• Activity: The data below should be retyped exactly, with the pictures left out.

Collection entries
....

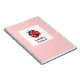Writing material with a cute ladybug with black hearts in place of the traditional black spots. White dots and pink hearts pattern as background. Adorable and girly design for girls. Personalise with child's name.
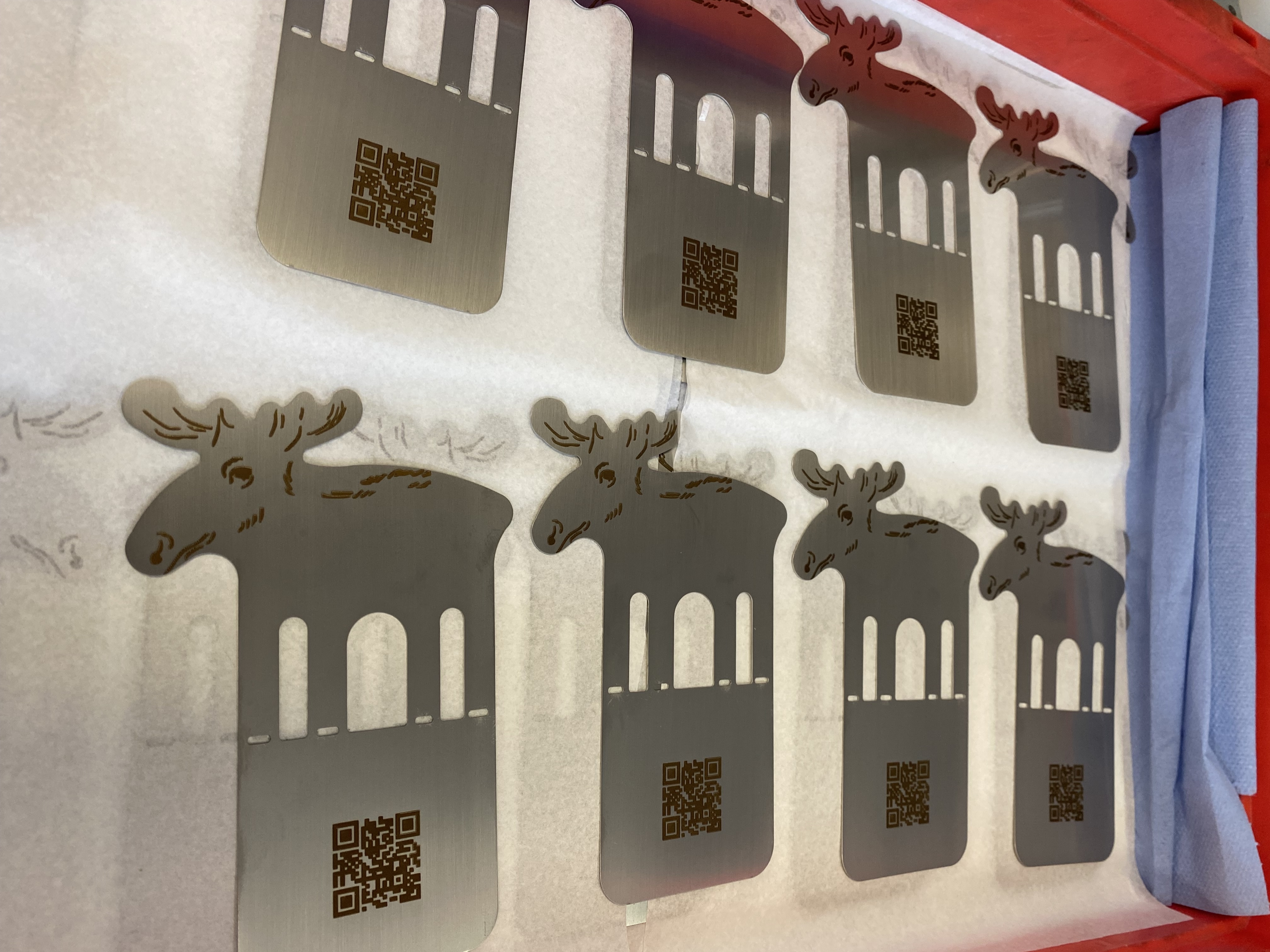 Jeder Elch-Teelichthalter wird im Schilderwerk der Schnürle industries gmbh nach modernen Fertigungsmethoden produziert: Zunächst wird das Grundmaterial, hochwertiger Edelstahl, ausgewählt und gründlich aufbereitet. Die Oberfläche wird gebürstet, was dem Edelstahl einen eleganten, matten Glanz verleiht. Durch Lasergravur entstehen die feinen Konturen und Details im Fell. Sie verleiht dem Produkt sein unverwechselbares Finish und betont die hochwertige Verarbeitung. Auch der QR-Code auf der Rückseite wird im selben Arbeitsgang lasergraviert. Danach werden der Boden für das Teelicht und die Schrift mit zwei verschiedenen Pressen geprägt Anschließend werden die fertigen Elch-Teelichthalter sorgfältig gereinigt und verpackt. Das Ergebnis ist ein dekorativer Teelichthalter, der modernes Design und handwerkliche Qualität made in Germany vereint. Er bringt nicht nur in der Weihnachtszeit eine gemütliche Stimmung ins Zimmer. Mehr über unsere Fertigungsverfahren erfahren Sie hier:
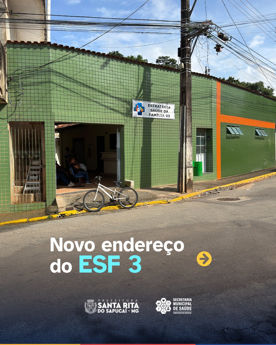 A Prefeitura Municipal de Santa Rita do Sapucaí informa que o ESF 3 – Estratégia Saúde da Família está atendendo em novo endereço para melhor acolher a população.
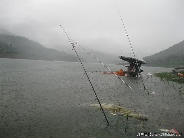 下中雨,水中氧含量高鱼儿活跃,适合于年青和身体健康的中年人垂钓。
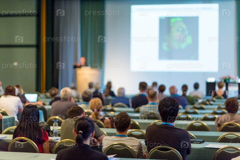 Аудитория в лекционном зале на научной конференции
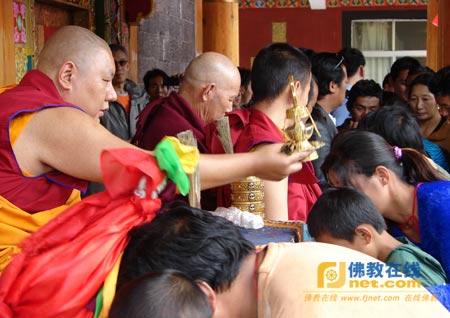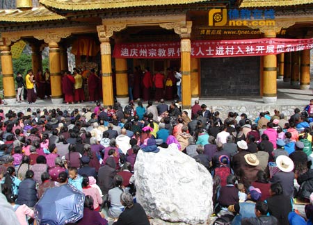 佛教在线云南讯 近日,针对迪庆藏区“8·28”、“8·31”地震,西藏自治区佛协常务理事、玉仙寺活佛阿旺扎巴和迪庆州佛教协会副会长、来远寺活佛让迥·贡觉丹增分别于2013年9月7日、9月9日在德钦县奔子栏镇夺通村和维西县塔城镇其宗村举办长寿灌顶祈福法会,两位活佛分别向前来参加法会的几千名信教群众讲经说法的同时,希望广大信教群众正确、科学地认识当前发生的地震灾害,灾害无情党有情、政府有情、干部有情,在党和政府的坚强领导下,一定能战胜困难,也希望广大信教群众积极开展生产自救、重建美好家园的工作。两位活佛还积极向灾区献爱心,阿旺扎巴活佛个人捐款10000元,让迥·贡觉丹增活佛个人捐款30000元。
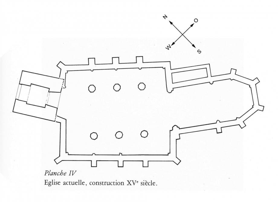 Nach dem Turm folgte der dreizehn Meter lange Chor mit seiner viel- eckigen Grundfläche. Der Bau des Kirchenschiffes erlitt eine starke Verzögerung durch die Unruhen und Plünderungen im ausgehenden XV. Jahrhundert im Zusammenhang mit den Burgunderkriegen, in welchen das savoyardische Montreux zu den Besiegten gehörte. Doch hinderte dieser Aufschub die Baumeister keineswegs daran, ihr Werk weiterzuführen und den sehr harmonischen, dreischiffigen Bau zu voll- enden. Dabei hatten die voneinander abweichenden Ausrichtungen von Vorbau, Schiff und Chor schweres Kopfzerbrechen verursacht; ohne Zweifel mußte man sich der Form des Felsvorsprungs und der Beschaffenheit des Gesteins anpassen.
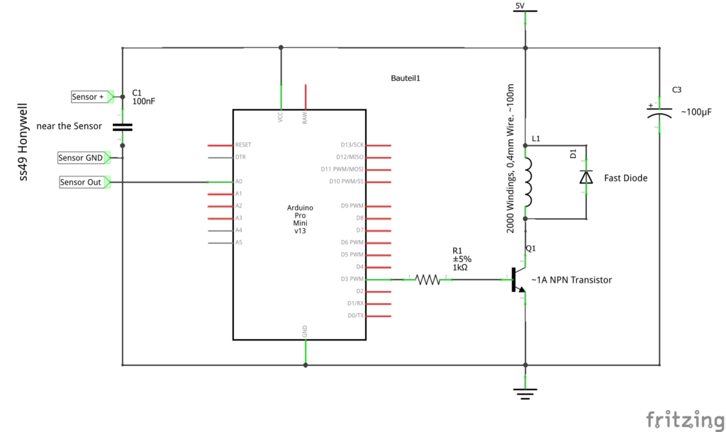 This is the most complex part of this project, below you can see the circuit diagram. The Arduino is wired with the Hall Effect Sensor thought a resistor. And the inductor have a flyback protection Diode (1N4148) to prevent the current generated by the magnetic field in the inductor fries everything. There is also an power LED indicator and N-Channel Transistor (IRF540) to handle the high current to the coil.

....

• Result of the exercise:
Writing material with a cute ladybug with black hearts in place of the traditional black spots. White dots and pink hearts pattern as background. Adorable and girly design for girls. Personalise with child's name.
 Jeder Elch-Teelichthalter wird im Schilderwerk der Schnürle industries gmbh nach modernen Fertigungsmethoden produziert: Zunächst wird das Grundmaterial, hochwertiger Edelstahl, ausgewählt und gründlich aufbereitet. Die Oberfläche wird gebürstet, was dem Edelstahl einen eleganten, matten Glanz verleiht. Durch Lasergravur entstehen die feinen Konturen und Details im Fell. Sie verleiht dem Produkt sein unverwechselbares Finish und betont die hochwertige Verarbeitung. Auch der QR-Code auf der Rückseite wird im selben Arbeitsgang lasergraviert. Danach werden der Boden für das Teelicht und die Schrift mit zwei verschiedenen Pressen geprägt Anschließend werden die fertigen Elch-Teelichthalter sorgfältig gereinigt und verpackt. Das Ergebnis ist ein dekorativer Teelichthalter, der modernes Design und handwerkliche Qualität made in Germany vereint. Er bringt nicht nur in der Weihnachtszeit eine gemütliche Stimmung ins Zimmer. Mehr über unsere Fertigungsverfahren erfahren Sie hier:
 A Prefeitura Municipal de Santa Rita do Sapucaí informa que o ESF 3 – Estratégia Saúde da Família está atendendo em novo endereço para melhor acolher a população.
 下中雨,水中氧含量高鱼儿活跃,适合于年青和身体健康的中年人垂钓。
 Аудитория в лекционном зале на научной конференции
 佛教在线云南讯 近日,针对迪庆藏区“8·28”、“8·31”地震,西藏自治区佛协常务理事、玉仙寺活佛阿旺扎巴和迪庆州佛教协会副会长、来远寺活佛让迥·贡觉丹增分别于2013年9月7日、9月9日在德钦县奔子栏镇夺通村和维西县塔城镇其宗村举办长寿灌顶祈福法会,两位活佛分别向前来参加法会的几千名信教群众讲经说法的同时,希望广大信教群众正确、科学地认识当前发生的地震灾害,灾害无情党有情、政府有情、干部有情,在党和政府的坚强领导下,一定能战胜困难,也希望广大信教群众积极开展生产自救、重建美好家园的工作。两位活佛还积极向灾区献爱心,阿旺扎巴活佛个人捐款10000元,让迥·贡觉丹增活佛个人捐款30000元。
 Nach dem Turm folgte der dreizehn Meter lange Chor mit seiner viel- eckigen Grundfläche. Der Bau des Kirchenschiffes erlitt eine starke Verzögerung durch die Unruhen und Plünderungen im ausgehenden XV. Jahrhundert im Zusammenhang mit den Burgunderkriegen, in welchen das savoyardische Montreux zu den Besiegten gehörte. Doch hinderte dieser Aufschub die Baumeister keineswegs daran, ihr Werk weiterzuführen und den sehr harmonischen, dreischiffigen Bau zu voll- enden. Dabei hatten die voneinander abweichenden Ausrichtungen von Vorbau, Schiff und Chor schweres Kopfzerbrechen verursacht; ohne Zweifel mußte man sich der Form des Felsvorsprungs und der Beschaffenheit des Gesteins anpassen.
 This is the most complex part of this project, below you can see the circuit diagram. The Arduino is wired with the Hall Effect Sensor thought a resistor. And the inductor have a flyback protection Diode (1N4148) to prevent the current generated by the magnetic field in the inductor fries everything. There is also an power LED indicator and N-Channel Transistor (IRF540) to handle the high current to the coil.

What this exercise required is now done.